Similarly, “abuse” historically meant sexual or other physical violence, but has now been broadened to include “emotional abuse” and even the nebulous category of “abuse-and-neglect,” a tent so big that low-income parents of color can be charged with neglect for even momentarily leaving their children unattended. And “bullying” in one early diagnostic instrument meant only direct aggression: being hit, teased, called names, and so on. Now children filling out surveys are told they may have been bullied if someone “gave you the silent treatment.”
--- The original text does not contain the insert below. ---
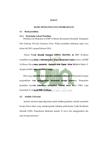 FAKTOR YANG BERHUBUNGAN DENGAN PELAKSANAAN USAHA KESEHATAN SEKOLAH (UKS) DI SMP AL-HUSNA KECAMATAN PATUMBAK

Is this pattern good? It doesn’t feel nice to tell a person that their story falls short of some severity yardstick, and thus doesn’t count as an example of the bulling, the abuse, or whatever that well-meaning people are trying to remove from the world. On the other hand, the more of everyday life we put under these labels, the less obvious it gets that we can, or should, get rid of all the labelled stuff. It’s an inflationary pattern that ultimately makes it harder to pick out and focus on genuinely severe problems. Haslam argues that the consequences are mixed: More problems may be addressed and more people may qualify for help, but also (for instance) it may be disempowering for people to regard more of their own experience as pathological.